Esses impostos são geralmente justificados como ferramentas para:
- Infraestrutura de financiamento
- Proteger os ambientes
- Gerenciar o excesso de turismo
No entanto, a situação da Tailândia é diferente. Em vez de conter o excesso de demanda, o país está tentando reconstruir e aumentar o número de visitantes, tornando as novas taxas mais controversas. (Business Insider )
Turismo Doméstico vs. Competitividade Internacional
A justificativa para a taxa proposta é clara: redirecionar gastos com viagens internacionais para viagens domésticas.Ao taxar as saídas do país, o governo espera incentivar os residentes — e possivelmente financiar programas — para impulsionar o fluxo turístico interno.
Mas isso levanta questões importantes:
- A tributação das partidas irá desestimular as viagens internacionais ou simplesmente aumentar os custos?
- Será que isso poderia, involuntariamente, sinalizar que a Tailândia está se tornando menos receptiva aos visitantes?
- Os fundos serão efetivamente reinvestidos na melhoria da infraestrutura e das experiências turísticas?
Os críticos argumentam que Melhorar a qualidade do serviço, a segurança e a transparência dos preços. Pode gerar melhores resultados a longo prazo do que a adição de novas taxas.
Reação da indústria: mista e cautelosa.
As reações do público e da indústria estão divididas. Alguns argumentam que a Tailândia continua sendo um destino acessível e pode absorver um aumento moderado de impostos.
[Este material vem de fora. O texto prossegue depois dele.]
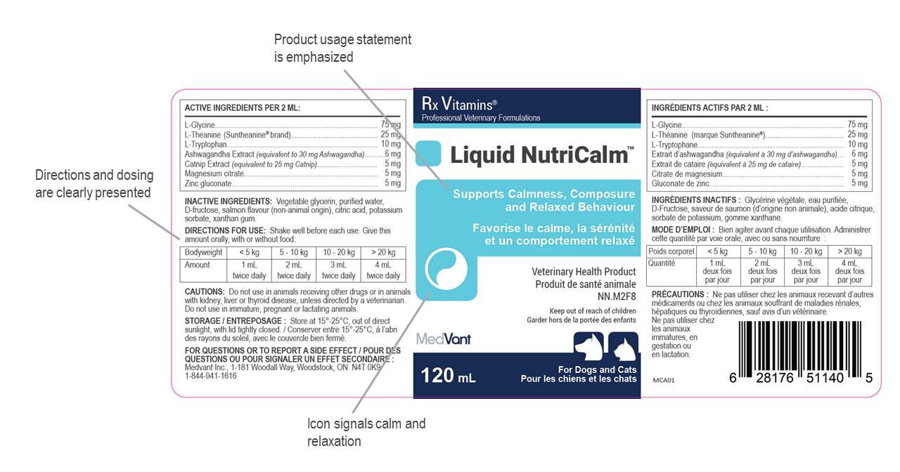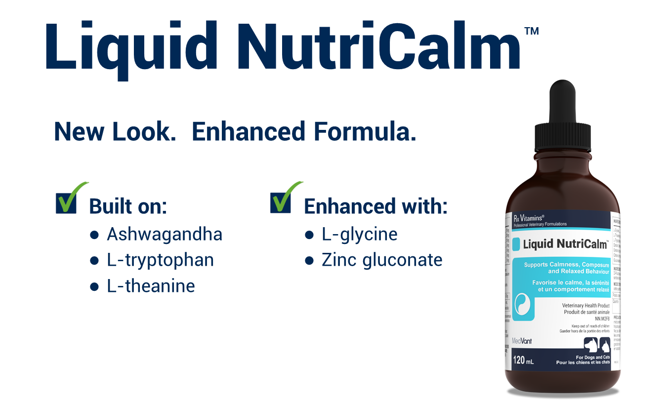 NOTE: Liquid NutriCalm is the liquid option, whereas NutriCalm for Dogs comes in a capsule format. The capsule format delivers similar levels of most active ingredients with a higher level of L-tryptophan and with Valerian still included. Both products (liquid or capsule) feature Ashwagandha, L-theanine and L-tryptophan which are the key drivers for supporting calmness, composure and relaxed behaviour. Liquid NutriCalm is recommended for smaller patients and fussy eaters when compliance is a key consideration. NutriCalm for Dogs is recommended for larger patients that require additional support.

Outros alertam que A sobreposição de múltiplas taxas pode corroer sua proposta de valor., especialmente porque os viajantes estão cada vez mais atentos aos preços e mais seletivos.
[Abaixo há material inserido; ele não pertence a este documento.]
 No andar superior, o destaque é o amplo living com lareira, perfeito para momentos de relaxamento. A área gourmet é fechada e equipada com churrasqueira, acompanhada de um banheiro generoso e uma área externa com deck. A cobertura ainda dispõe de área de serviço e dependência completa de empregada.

As discussões online refletem essa divisão: "Um pequeno imposto não vai acabar com o turismo..." "Os turistas já sustentam a economia... isso está virando uma piada."
Concluindo!
A proposta da Tailândia de impor uma taxa de saída de 1,000 baht destaca uma tendência global mais ampla: o turismo está sendo cada vez mais tributado à medida que os governos buscam novas fontes de receita. Mas o momento é crucial.
Para um país que ainda se encontra em processo de recuperação pós-pandemia, enfrentando concorrência crescente e mudanças na percepção dos viajantes, o sucesso de tal política dependerá de como isso é implementado — e se os visitantes percebem valor em troca..
Se feito corretamente, isso poderia fortalecer o turismo e a infraestrutura nacionais.
Se mal executado, isso corre o risco de reforçar uma preocupação crescente: a de que a Tailândia esteja se tornando um destino mais caro — e menos competitivo — no Sudeste Asiático.